- Born: February 9, 1967 Havana, Cuba
- Died: February 12, 2004 (aged 37) Tempe, Arizona
- Occupation: Painter

= Pedro Álvarez Castelló =

Cuban artist (1967–2004)

Pedro Reinaldo Álvarez Castelló (February 9, 1967 - February 12, 2004) was a Cuban artist who rose to prominence during Cuba's Special Period.

==Biography==
Álvarez was a native of Havana, Cuba. He studied art at the Escuela Nacional de Bellas Artes “San Alejandro” from 1980 to 1985 and the Instituto Superior Pedagógico Enrique José Varona from 1986 to 1991. He was a member of the National Union of Writers and Artists of Cuba.

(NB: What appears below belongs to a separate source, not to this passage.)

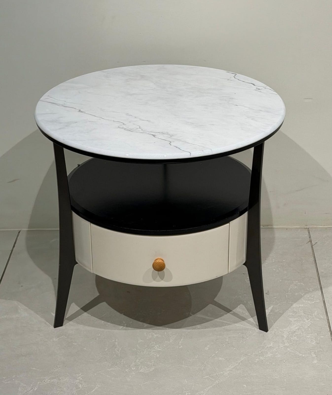 Marble Top Side Table with StorageThis modern side table features an elegant marble top that adds a touch of luxury to any space. Supported by a sturdy metal frame, it offers excellent strength and stability with a clean, contemporary look. The open shelf provides easy access for books or décor, while the smooth storage drawer helps keep essentials neatly organized.Perfect for use beside a sofa, bed, or lounge chair, this side table combines smart storage with refined design, making it a stylish and practical addition to any modern interior.

On February 12, 2004, Álvarez died just five days after the beginning of a major solo exhibition of his work, "Landscape in the Fireplace," at the Arizona State University Art Museum.

==Work==

Álvarez's paintings are shown in museums around the world, including the Museo Nacional de Bellas Artes de La Habana in Havana, the Museo Andaluz de Arte Contemporáneo in Seville, Spain, the Arizona State University Art Museum in Tempe, Arizona, the Museum of Art in Ft. Lauderdale, Florida and the Museo de la Universidad de Alicante in Alicante, Spain. He produced more than eight personal exhibitions in Cuba and Spain and more than 40 collective exhibitions in Germany, Canada, Spain, England and the United States.

ASU Art Museum director Marilyn Zeitlin said Álvarez's work "addresses questions of importance not only for Cubans and those interested in that work and place, but issues of perennial and global concern including colonialism and ways in which we perpetuate colonialism without even being aware of it."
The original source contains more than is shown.